Primary Training Session
Get Moving || Warm-Up
Two sets of:
60 Second Monster Walk
20 Banded Hip Bridges
10 Medball Hamstring Curls

Followed by…

For time:
10/7 Calorie Assault Bike
10 American Kettlebell Swings (53/35)
10/7 Calorie Assault Bike
10 Goblet Squats (53/35)
10/7 Calorie Assault Bike
50 Foot Burpee Broad Jump

A.
Three sets of:
Deadlift x 12 reps
Rest as needed

Start your first set around 50%and build. Deadstop between every rep then get tight and lift the bar as fast as possible every time while keeping proper technique.

B.
Accumulate 30 Ring Muscle Ups in as few sets as possible.

TIME CAP = 7 MINUTES

If you don’t have ring muscle-ups or are concerned about the volume then please spend 7-10 minutes rotating through the following drills:
Low Ring Turnovers
Jumping Ring Muscle Ups
Dip Support Holds
Ring Swings
Pop Swings

C.
Every 8 minutes, for 24 minutes (3 sets of):
400 Meter Run
10 Dumbbell Burpee Box Step Overs (50/35 to 24/20″)
25 Chest to Bar Pull-Ups
400 Meter Run

Athlete Notes:
The return of the sh*t sandwich!
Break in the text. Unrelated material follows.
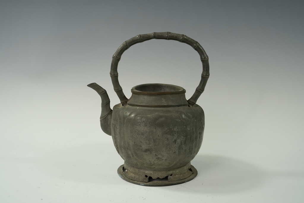 锡制刻花竹节提梁茶壶

We’re going to be hitting a lot of this interval style work on Saturday’s because it’s a great way to round out the week, build some capacity, and increase volume knowing that the following day is going to be a rest day. Expect these workouts to be very challenging, but doable! Your goal in today’s session is to have at least 2 minutes of rest each time. That means the 400-meter runs should take approximately 3:30-4:00 cumulative, the dumbbell burpee box step overs should take around a minute or so, and the chest to bar you’ll need to complete in 1-2 sets. Work fast, rest faster, and push the pace knowing that it’s only three intervals!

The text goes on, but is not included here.